1st Maharana of Udaipur
- Reign: 1818–30 March 1828
- Successor: Jawan Singh

26th Maharana of Mewar
- Reign: 6 January 1778–1818
- Predecessor: Hamir Singh II
- Born: 10 March 1768
- Died: 30 March 1828 (aged 60)
- Spouse: Rathorji Akshay Kanwarji of Idar; Jhaliji Roop Kanwarji of Dhrangadhra in Gujarat; Rathorji Ratan Kanwarji from Ratlam; Rathorji Gulab Kanwarji of Idar; Vagheliji Kushal Kanwarji of Gangad in Gujarat; Chawdiji Gulab Kanwarji of Varsoda in Gujarat; Bhatiyaniji Jait Kanwarji of Mohi in Mewar; Devadiji Sardar Kanwarji of Sirohi; Rathorji Umaid Kanwarji of Idar; Rathorji Padam Kanwarji of Bikaner; Rathorji Chandra Kanwarji of Idar; Jhaliji Braj Kanwarji of Lakhtar in Gujarat; Jhaliji Saubhag Kanwarji of Tana in Mewar; Bhatiyaniji Suraj Kanwarji from Jaisalmer; Hadiji Kishor Kanwarji of Kota;
- Issue: Amar Singh (died young) Jawan Singh Umaid Singh (died early) Prithvi Singh (died early) Krishna Kumari (died young) Ajab Kanwarji m. to Maharaja Ratan Singh of Bikaner Roop Kanwarji m. to Maharawal Gaj Singh of Jaisalmer}}
- House: Ranawat Sisodia
- Father: Ari Singh II
- Mother: Jhaliji Sardar Kanwarji d.of Rana Kanha Singh of Gogunda in Mewar
- Religion: Hinduism

= Bhim Singh of Mewar =

Maharana of Mewar from 1778–1818 and first Maharana of Udaipur from 1818-1828

Maharana Bhim Singh (10 March 1768 – 30 March 1828) was the 26th Sisodia Rajput ruler of the Kingdom of Mewar who became the first Maharana of Udaipur State. (Note: Also called the Princely state of Udaipur) He was the second son of Maharana Ari Singh II and younger brother of his predecessor Maharana Hamir Singh II.

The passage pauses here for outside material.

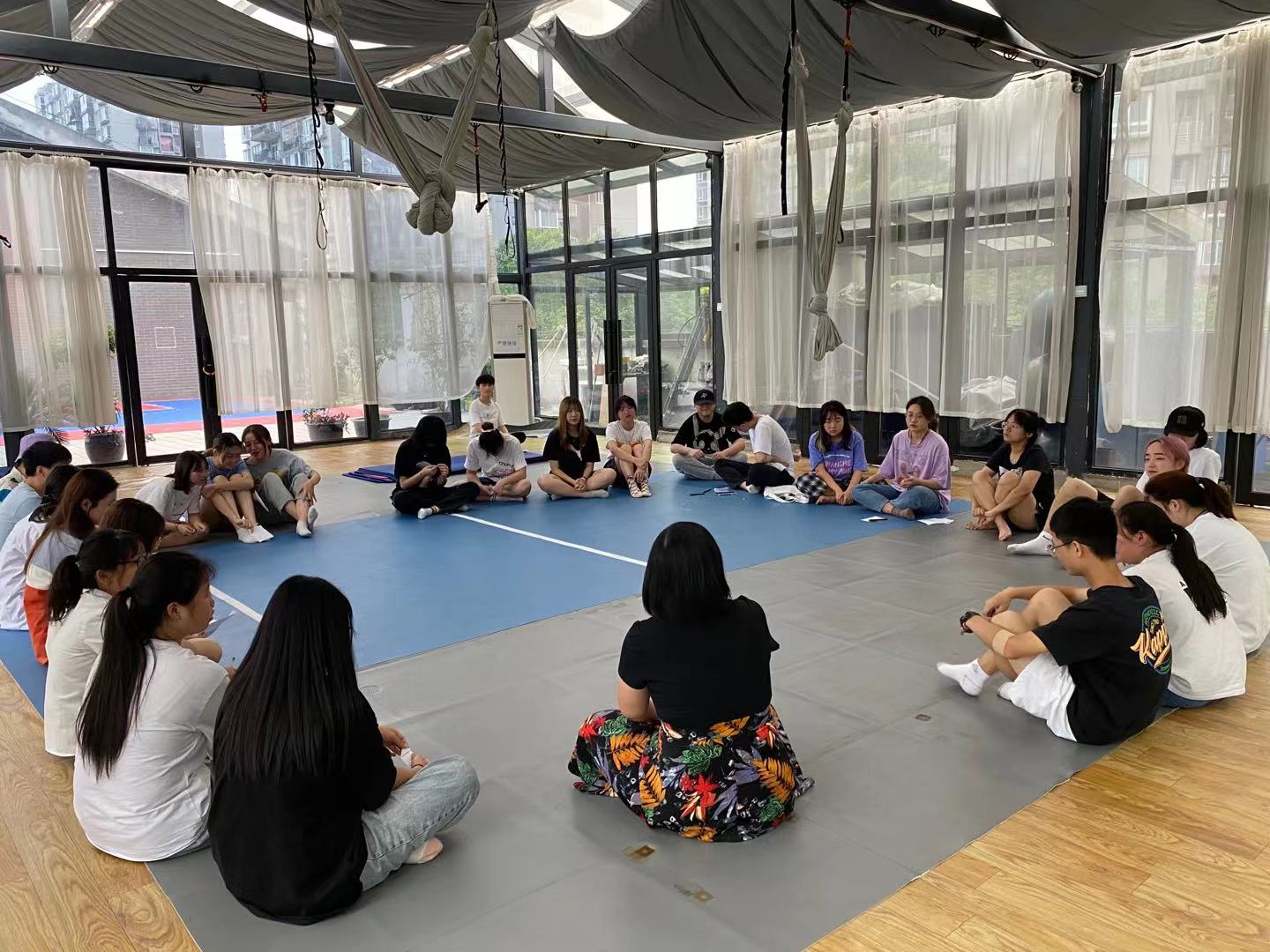 大家走进教室,围成一个大圆坐在了一起。为了活跃气氛,拉近与同学们的关系,老师提议同学们先来玩一个游戏。游戏规则是先由一个人提问另一个人:“你喜欢我吗?“,大家将依据另外一个人的回答交换位置,最后没有找到位置的那个同学将充当提问的人。弄懂了游戏规则,游戏就正式开始了。伴随着紧张与刺激,第一轮游戏结束了。气氛也逐渐升温,同学们开始相互交流,和老师也有了更多互动。游戏总共进行了四轮,到最后,大家已经开始热烈讨论起来游戏中的细节,和老师的关系也进一步亲密了起来。

At ten years of age Maharana Bhim Singh succeeded his brother Maharana Hamir Singh II who had untimely died at the age of 16 from a wound when a rifle burst in his hand. Maharana Hamir Singh II had ruled an unstable state with an empty treasury under a regency by Maharaj Bagh Singh and Arjun Singh his grand-uncles and widowed mother Jhaliji Sardar Kanwarji.Maharana Bhim Singh inherited this unstable state after its unpaid Maratha soldiers had looted Mewar's former capital Chittor. The soldiers' depredations continued and more territory was lost during Bhim Singh's rule. Another significant event in his reign was his daughter Krishna Kumari had died by drinking poison at the age of 16 to save his dynasty and prevent a massive civil war among the rajput houses of Rajputana in 1810.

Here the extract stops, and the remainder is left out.